2.5.6. La fin du Classique terminal : ultimes décennies de la phase Muuch (vers 950/1000 apr. J.-C.), abandon définitif de Naachtun

Les ultimes manifestations de l’occupation précolombienne de Naachtun, datées aux alentours de 950-1000 apr. J.-C., à la fin de la phase Muuch, prenaient la forme de rituels liés à l’abandon du site par ses derniers habitants et étaient principalement constitués de dépôts de mobilier et de cendres, souvent en association avec des ossements humains (Nondédéo et al.,

2013 : 136-138 ; Sion, sous presse), similaires à ceux observés dans les unités de la Zone Sud et du Complexe Ouest abandonnées dès la phase Ma’ax 3. Pour la phase Muuch, les indices de ces ultimes rituels se concentraient dans les Complexes Central et Sud, des espaces ayant connu un abandon progressif (Chap. 5.1.6). Par la suite, le site ne fut plus visité que de manière épisodique au Postclassique, ce que démontre la présence d’encensoirs du type Chen-Mul Modelado découverts en surface (Walker et Reese-Taylor, 2012 : 68).

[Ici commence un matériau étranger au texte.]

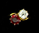 The diamond is an old brilliant cut, white colour F-g, clarity Si. Size 6..5mm (one carat) estimated. Claw set. Both stones are slight cushion shaped. Head 12x10.5mm, weight 2.9grams. Shank stamped 18CT, tests as 18 carat gold, no hallmark as period estimated at 1920-1930.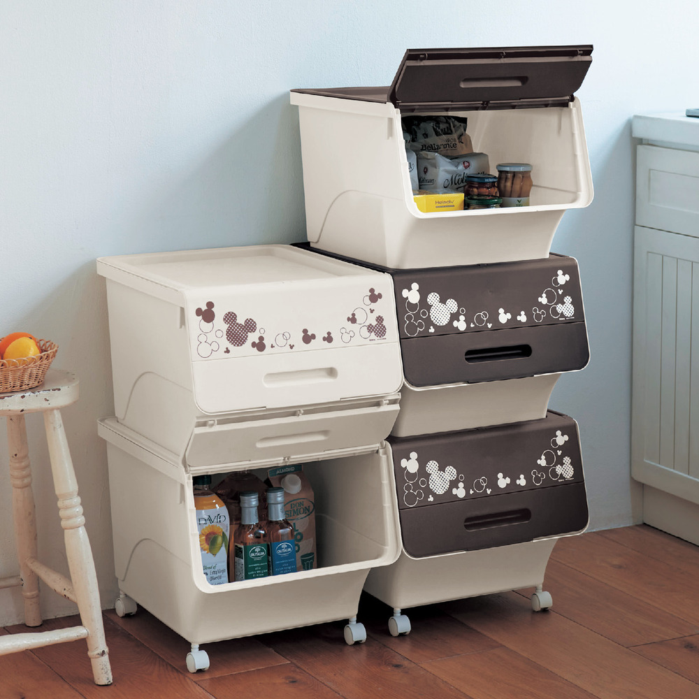 【ディズニー/Disney】キャスター付き収納ケース「ミッキーモチーフ」 積み重ねたままでもフタを開けて出し入れ可能。子ども部屋で衣類やおもちゃなどの収納、またキッチン・サニタリーシーンでも活躍。扉を開けたまま出し入れできて便利。キャスター付きでお掃除もラクラ。 税込 7,990〜9,990円 |

Pour résumer, en ce qui concerne l’objet de notre recherche, à savoir les élites dominantes en phase Muuch, il faut noter particulièrement les interprétations suivantes :

les patios résidentiels en configuration compacte du Groupe B comportent les résidences urbaines de l’élite sociale du Classique récent, rassemblées notamment près de la Place Est et ses édifices royaux, en particulier 5O-5 (Fig. 3.10) ;

les principaux changements dans l’organisation spatiale de la cité au Classique récent final paraissent chronologiquement contemporains de la possible disparition de la dynastie Suutz’ à Naachtun, peut-être du fait d’une relocalisation à Calakmul puis à

Oxpemul, en bordure du secteur Río Bec (Fig. 3.5) ;

un processus de contraction des habitants de Naachtun dans les grands complexes résidentiels de la Zone Sud et du Groupe B est une probabilité pour les phases Ma’ax 3 et Muuch ;

la croissance du Groupe B a eu lieu depuis le Complexe Ouest vers le Complexe Central jusqu’au Complexe Sud ; ces deux derniers complexes sont en partie postérieurs à la cité dynastique Suutz’ et à son apogée monumental.

Ces avancées permettent de préciser nos hypothèses de travail et de justifier nos options d’objets de recherche dans le site.